In the column 'education' were duplicates values caused by a different type of cases. With the help of str.lower() method I succeded to get values without duplicates. Also there was interesting case in 'gender' column. There was one person who doesn't identify himsef with any gender. Renoving this row weren't right step, because I would lost a data from it, so I decided to replace it with majority gender Female, so it will not influence a lot at the all of data. In the column 'children' were weird values like 20 and -1. Analyzing the table I found impossible that people have 20 children in 21 years old, also -1 is not logical. Finding mean and median also brang no clean results, because median was 0 and it can impact on all of data if replace 20 children, also mean was 0.5 what was no good also. So I can assume that it was mistake and should be 2 and 1 children. Replaced 20 and -1 values with 2 and 1. Upon checking the 'children' column I noticed a value 0 in 'dob_years' column which is impossible.

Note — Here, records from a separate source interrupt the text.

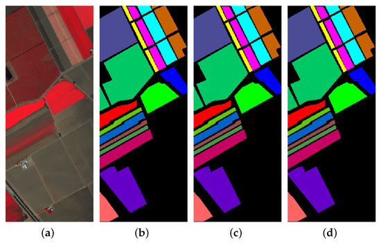 - Salinas Scene (SA)—This dataset was collected over Salinas Valley, California, in 1998 using the AVRIS sensor. The spatial dimension is pixels and the spectral information is encoded in 224 bands with a wavelength in the range of 360 to 2500 nm. Similar to IP, 20 spectral bands due to water absorption are discarded. The ground truth contains 16 different classes from vegetables, bare soils, and vineyard fields.
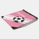 This design features a soccer ball and white stripes against a pink background. Personalize this drawstring backpack with a name. This bag is great for holding a soccer ball, shoes and other sports accessories. This cinch sack also makes a great gift for soccer players.
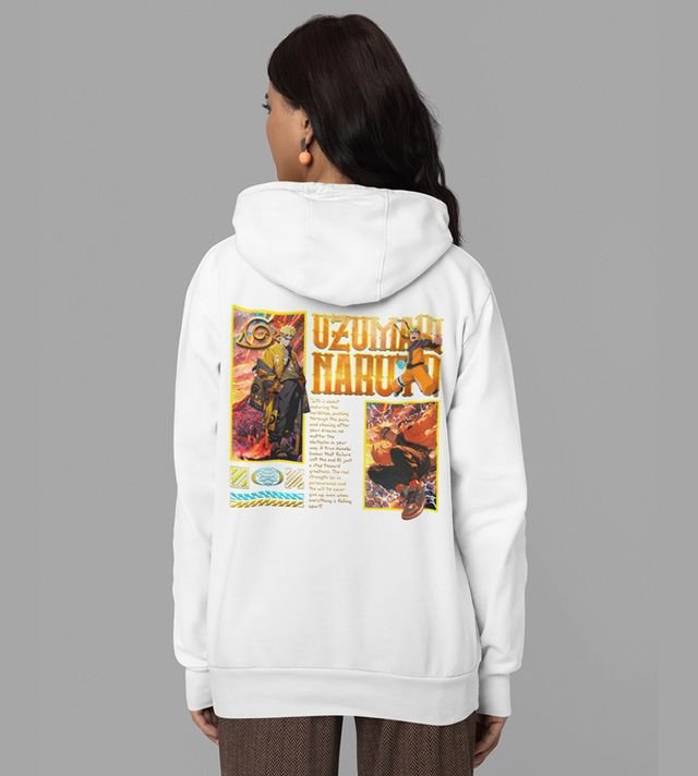 The 7th Hokage and the Protector of the Hidden Leaf Printed WhiteCotton Hoodie For Women
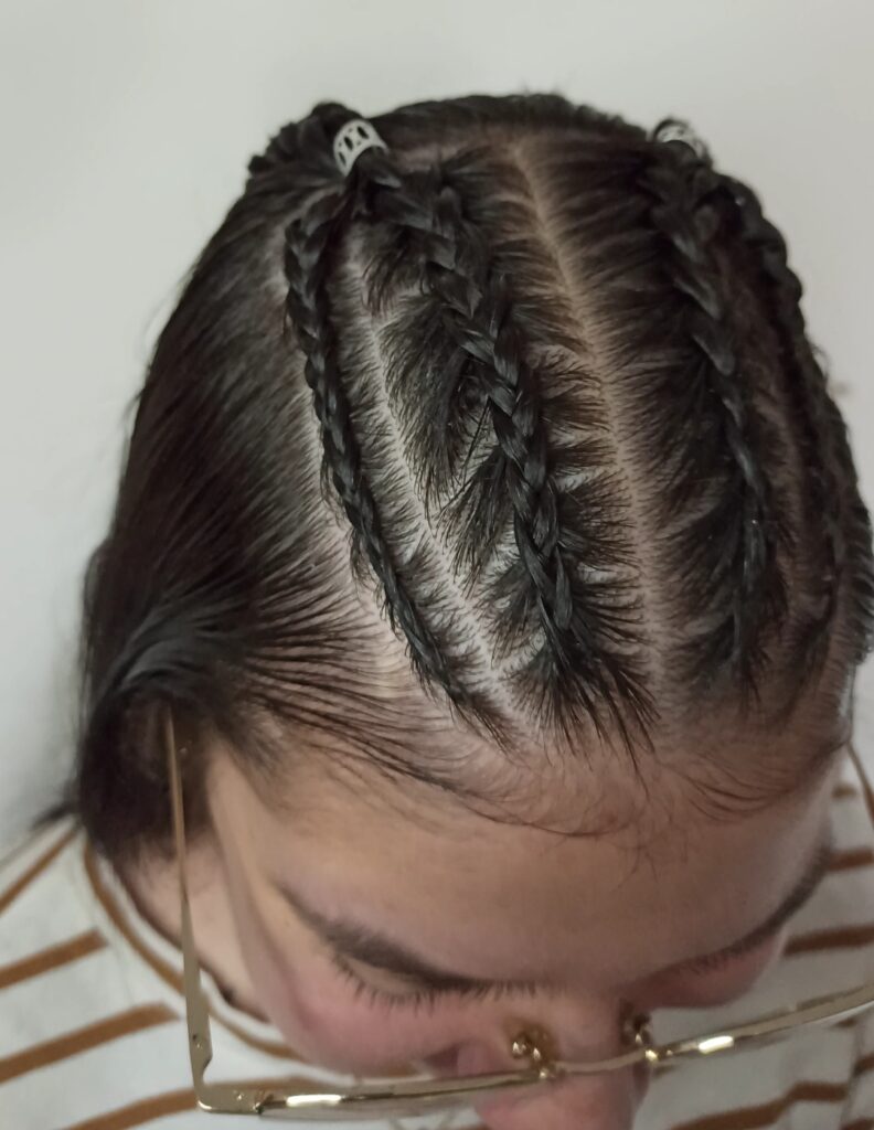 • Cornrows (Trenzas pegadas): Diseños artísticos y precisos que realzan tu rostro.

Calculating mean and median and decided to use median for replacement because mean was not integer value and we don't want float in our calculation.

### Categorizing Data

In [31]:
import nltk
from nltk.stem import WordNetLemmatizer
lemmatizer = WordNetLemmatizer()


In [32]:
def lemma_words(row):
    return [lemmatizer.lemmatize(row, pos='n') for row in nltk.word_tokenize(row)]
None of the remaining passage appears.